To quantify Bax activation, Rat1a cells were adhered on 2-well permanox slides (Nalge Nunc), pretreated with 100 μM of pan-caspase inhibitor, and treated with test molecules as described in Apoptosis assays. Cells were fixed and stained with 0.5 μg/ml mAb against Bax and 1 μg/ml of TRITC-conjugated anti–mouse antibody (Jackson ImmunoResearch Laboratories). Cells were rinsed and coverslips were mounted onto slides using the aqueous mounting solution Crystal/Mount (Biomeda). To stain for FAK or paxillin, cells were plated on glass coverslips coated with either 10 μg/ml FN or 50 μg/ml CCN1 for 20 min, fixed, and permeabilized as for Bax immunostaining before staining with the cognate antibodies and 1 μg/ml of Alexa Fluor 488–conjugated secondary antibody. Cells were observed by fluorescence microscopy using a microscope (Axioplan 2; Carl Zeiss MicroImaging, Inc.). Images were obtained with a digital camera (Axiocam HR) and Axiovision software (Carl Zeiss MicroImaging, Inc.). To stain for phosphorylated JNK, cells were plated for 10 min on FN- or CCN1-coated coverslips as for Bax immunostaining, stained with 4 μg/ml of TRITC-conjugated antibody against phospho-JNK T183/Y185 or 4 μg/ml of TRITC-conjugated mouse IgG (Jackson ImmunoResearch Laboratories), and counter stained with DAPI.
This work was supported by grants from the National Institutes of Health to L.F. Lau (CA46565) and N. Hay (AG016927) and a predoctoral fellowship from the American Heart Association to V. Todorović.

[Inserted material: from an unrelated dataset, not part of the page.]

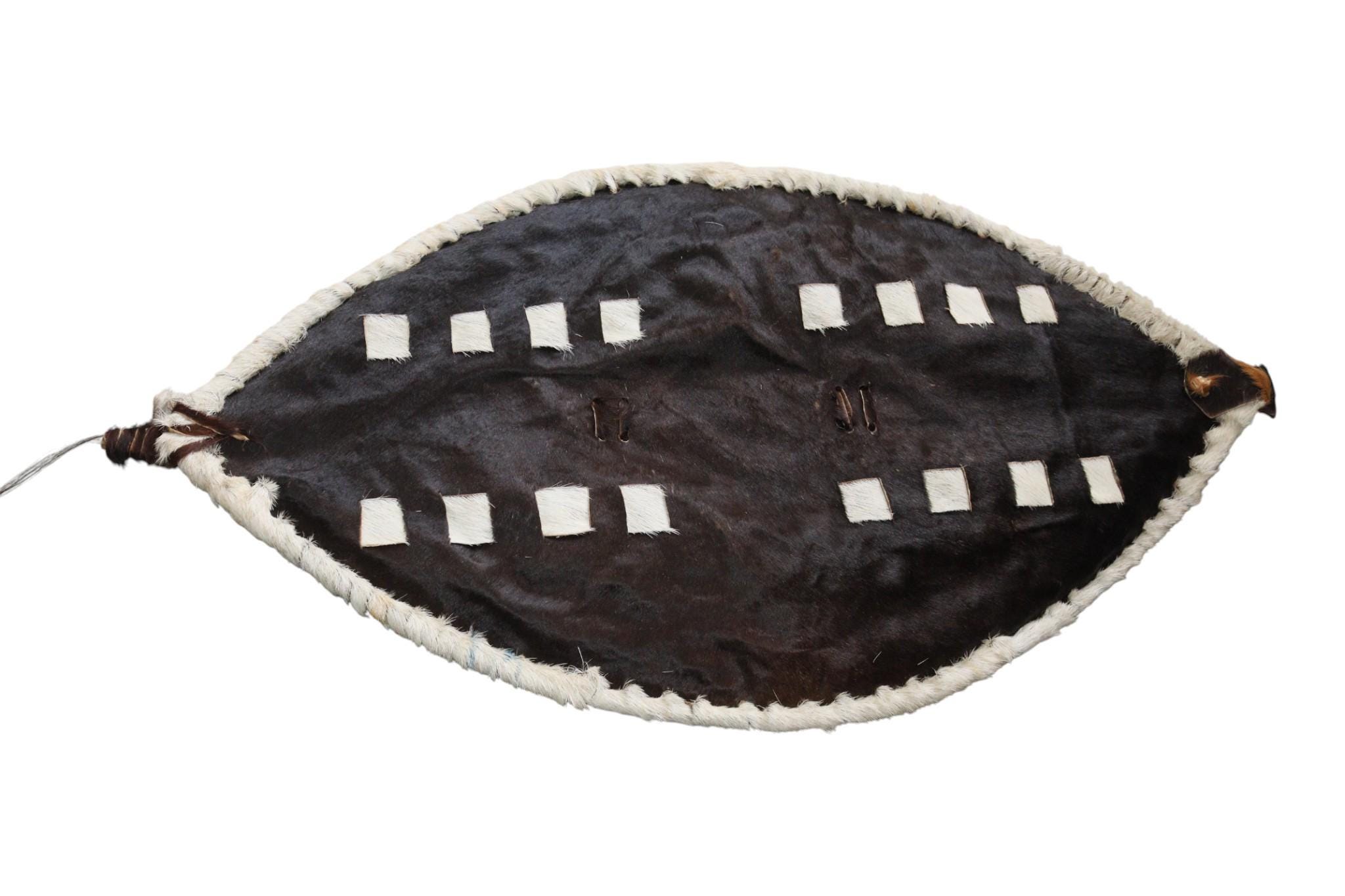 Command presence with this powerful and authentic decorative shield, inspired by the iconic artifacts of the Zulu/Nguni cultures. This shield is distinguished by its rich, nearly uniform dark brown/black hide, providing a dramatic backdrop for the traditional white markings. The classic small white square markings stand out dramatically against the dark hide, drawing the eye to the tribal structure. Crafted from genuine animal hide with a natural fur trim, it offers a rich, tactile, and rustic feel. The dark tone is perfect for a lodge or sophisticated, moody interiors. This shield is an ideal centerpiece for minimalist tribal or Bohemian (Boho) aesthetics, bringing powerful African art into your space. Finished with durable, visible stitching, it underscores its traditional, handmade craftsmanship. It is ready to hang with a loop on the side for simple, immediate display as wall decor.

Abbreviations used in this paper: DRB, 5,6-dichloro-1-β-d-ribofuranosylbenzimidazole; FN, fibronectin; HSF, human skin fibroblast; HSPG, heparan sulfate proteoglycan; HUVEC, human umbilical vein endothelial cell; JNK, c-Jun NH2-terminal kinase; LN, laminin; MEF, mouse embryonic fibroblast; PLL, poly-l-lysine; VN, vitronectin.